Design/methodology/approach
A systematic review approach was adopted to analyze 67 research articles about online reviews that were published between January 2000 and July 2015 in seven major hospitality and tourism journals.
Findings
This study presents a thematic framework of online review research, which was advanced by integrating the interactions among quantitative evaluation features, verbal evaluation features, reputation features and social features of online reviews with important outcomes of consumer decision-making and business performance.
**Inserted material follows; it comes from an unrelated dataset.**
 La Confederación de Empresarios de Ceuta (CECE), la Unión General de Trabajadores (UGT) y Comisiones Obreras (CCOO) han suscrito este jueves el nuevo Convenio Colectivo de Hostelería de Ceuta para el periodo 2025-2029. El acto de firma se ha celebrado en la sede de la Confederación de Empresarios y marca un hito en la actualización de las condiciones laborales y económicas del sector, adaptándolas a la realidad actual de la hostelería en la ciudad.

The thematic framework helps researchers identify the areas in extant hospitality literature of online reviews and point out possible directions for future studies.
Research limitations/implications
The systematic review approach has a qualitative nature, where relevant literature was interpreted based on the authors’ domain knowledge and expertise.
Practical implications
Practitioners can gain a comprehensive understanding of the dynamic relationships among the key influential factors in online reviews, as presented in the thematic framework of online review research. Accordingly, managers will be able to develop effective strategies to leverage the positive impacts of online reviews to the business outcomes.
Originality/value
This systematic review synthesizes the findings reported in most recent publications (January 2000-July 2015; also including “Online First” articles) in seven major hospitality and tourism journals and develops an integrated research framework, anchoring on four meta-research questions and showing the dynamic relationships among the key players/factors/themes in online review research. This framework provides a visual diagram to practitioners for a better understanding of the relevant literature and assists researchers in developing new research questions for future studies.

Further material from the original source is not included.